How should multiple microservices interact with shared data?

I'm new to microservices but one thing I understand (at least as a principle) is that each microservice should be independent.

Interactions between microservices should only happen through well defined interfaces, preferably APIs and not a shared database.

Let's say I have a simple web app which displays some content to public users. Internal users (admins) access an internal web interface and write stuff into a database table. If they "approve", the whole content of the table can be made public.

Now, without microservices I could do a lot of stuff.

For example, I could have both services point to the same table and add a "public" flag.

Or I could set up two tables, one "public" and one "private", and ensure that the approval process copies the private table into the public one.

But all these solutions imply that both services access the same database or, at least, that they interact via SQL queries and not REST APIs.

I would be tempted to bundle everything in a single microservice.

But it doesn't feel right: the public service may have different requirements in terms of scalability and so on. And if the "internal" website stops working it shouldn't necessarily disrupt the existing public app. So why couple those components?

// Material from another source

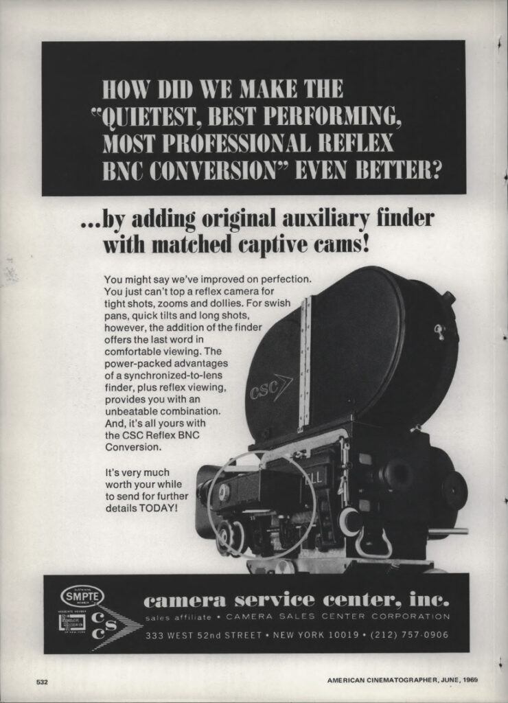 We all take reflex viewing systems for granted these days, but there once was a time when they were considered an amazing innovation. This ad, from the June 1969 issue of American Cinematographer, offers a perspective that had me scratching my head. With the pictured Mitchell BNC already reflex-modified, why would anyone retrofit it with an outdated, offset viewfinder?
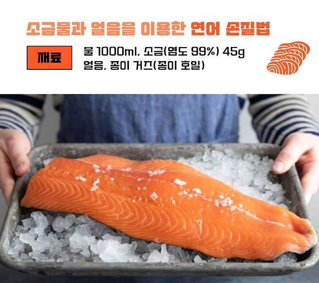 전문 식당에서 사용하는 연어 손질&보관법이에요. 통연어를 먹기 좋게 자른 후 소금과 얼음을 이용해 손질하는 건데요. 연어의 살이 단단해지고 불순물과 잡내를 없애는 장점이 있어요. 연어 특유의 신선한 향과 맛, 탱글한 식감을 느낄 수 있답니다.

This example may be too specific but I suspect the underlying issue is applicable to many use cases.


  • Solution with a single service

    Implement a service that manages data. The data have a field boolean public. Only users with a given role can invoke the endpoints that create/update/delete data. The endpoint for querying data is open to anyone, but only the user with the given role can see the data that are not public. Achieve this by simply adding AND public=true if the user has not the role.

    Solution with two services and messaging

    Implement a private service that manages data. The data have a field boolean public. Only users with a given role can invoke the service in order to query/create/update/delete data. Every time a data is modified, the service emits a message.

    Implement a public service that consumes messages emitted by the private service in order to write into its database all the data that are flagged as public. If a public data can become private again, do not forget to implement that case too. This public service has only endpoints to query data, open to everyone.